* **Your objective**
Pictures in the entries below are excluded; copy only the lines from the one containing "Table de bar" to the one containing "- Sanfilippo, M.;", both included.

* **Recorded information**
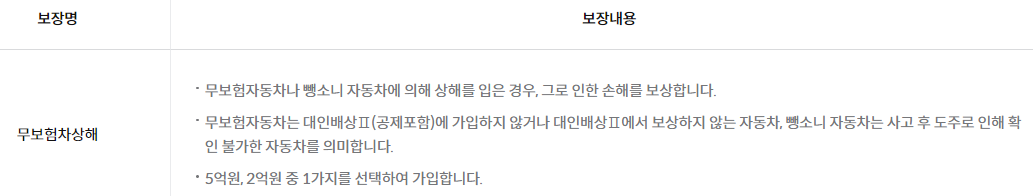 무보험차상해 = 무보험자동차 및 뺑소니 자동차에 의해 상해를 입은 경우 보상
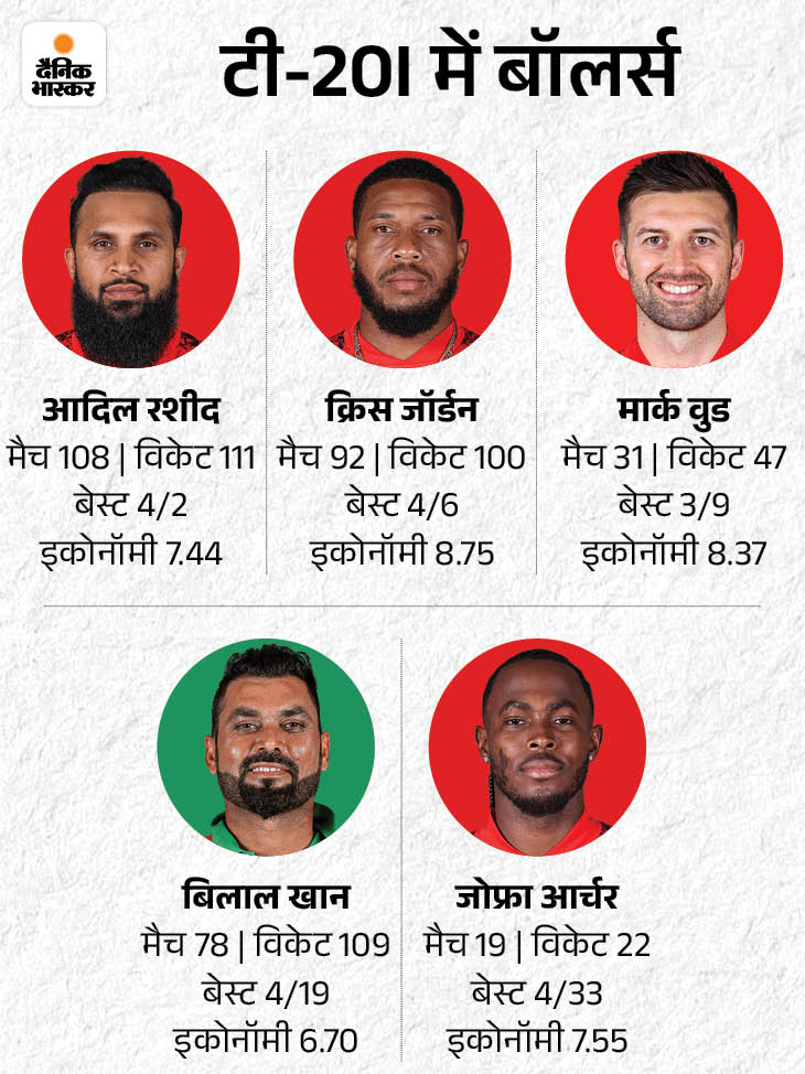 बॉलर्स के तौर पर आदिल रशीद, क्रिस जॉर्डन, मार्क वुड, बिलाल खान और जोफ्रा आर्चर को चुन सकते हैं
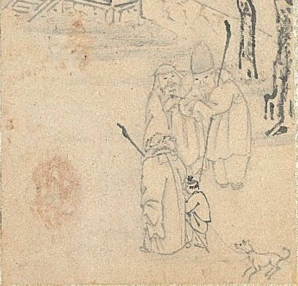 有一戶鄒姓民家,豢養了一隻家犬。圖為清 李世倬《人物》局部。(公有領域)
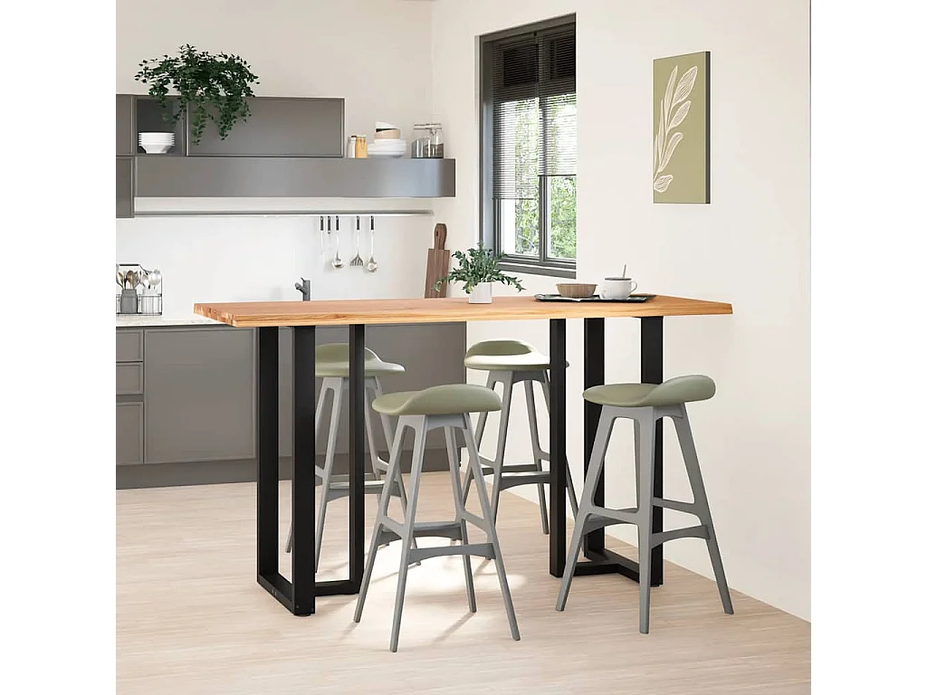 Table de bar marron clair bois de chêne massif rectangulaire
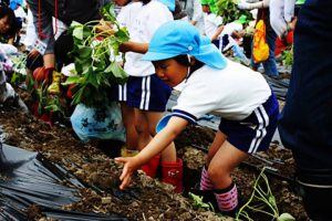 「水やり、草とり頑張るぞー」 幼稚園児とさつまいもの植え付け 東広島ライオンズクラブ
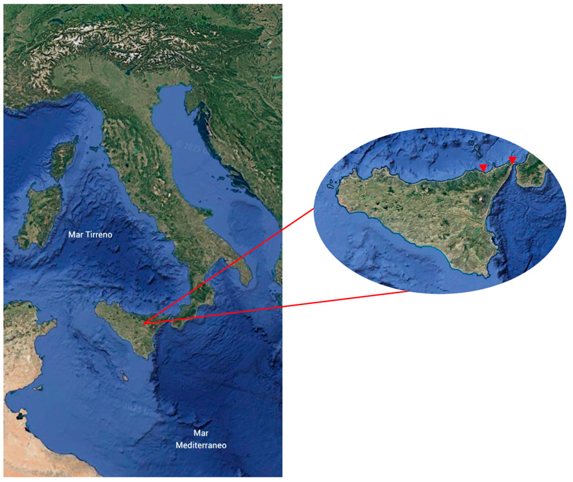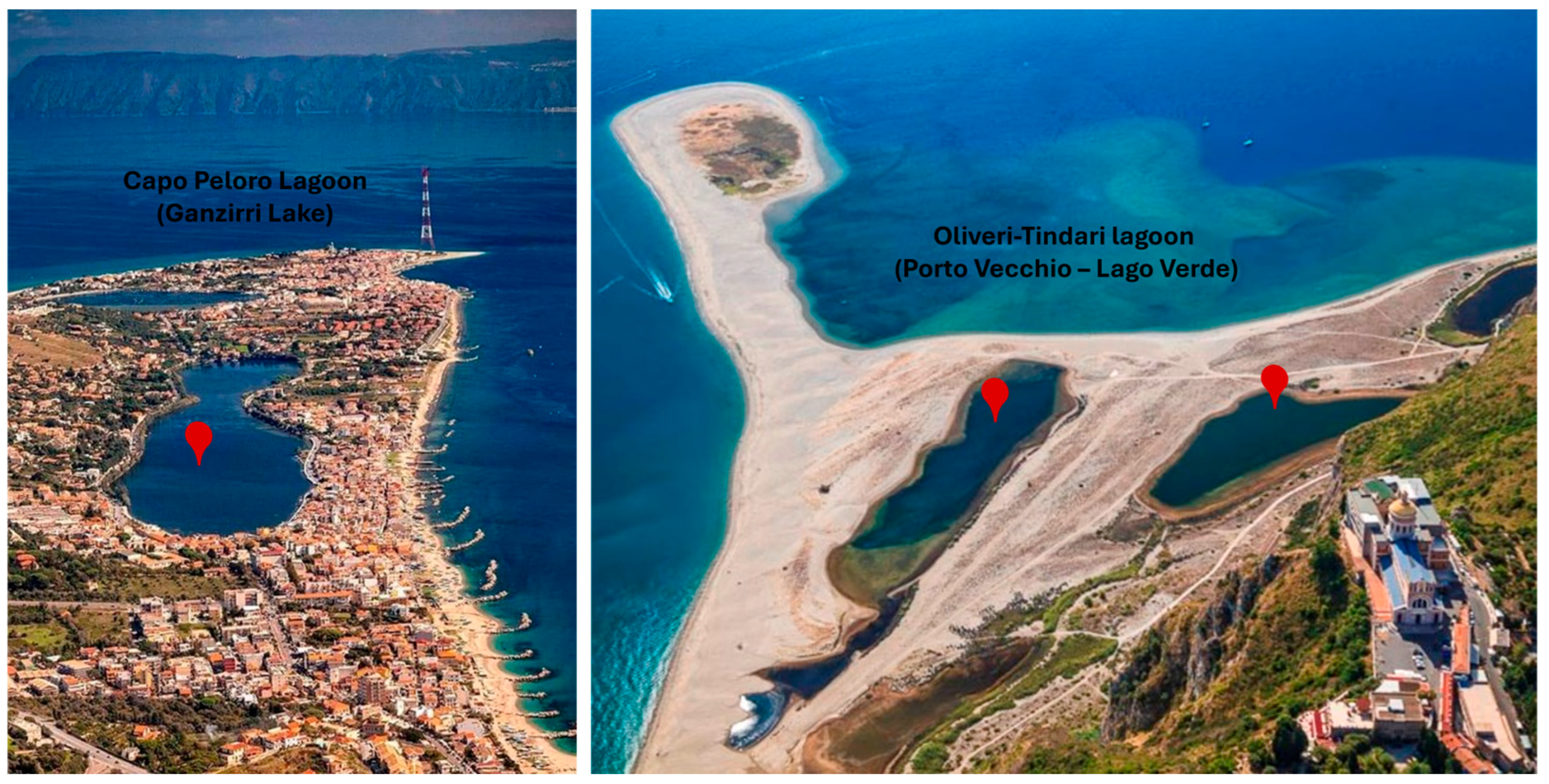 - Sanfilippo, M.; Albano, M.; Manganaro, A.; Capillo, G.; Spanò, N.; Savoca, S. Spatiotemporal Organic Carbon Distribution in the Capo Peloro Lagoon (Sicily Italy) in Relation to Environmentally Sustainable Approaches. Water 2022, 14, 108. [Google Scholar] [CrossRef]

---

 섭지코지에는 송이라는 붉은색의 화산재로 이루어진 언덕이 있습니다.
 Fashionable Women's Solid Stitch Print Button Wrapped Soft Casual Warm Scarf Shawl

* **Solved problem**
 Table de bar marron clair bois de chêne massif rectangulaire
 「水やり、草とり頑張るぞー」 幼稚園児とさつまいもの植え付け 東広島ライオンズクラブ
 - Sanfilippo, M.; Albano, M.; Manganaro, A.; Capillo, G.; Spanò, N.; Savoca, S. Spatiotemporal Organic Carbon Distribution in the Capo Peloro Lagoon (Sicily Italy) in Relation to Environmentally Sustainable Approaches. Water 2022, 14, 108. [Google Scholar] [CrossRef]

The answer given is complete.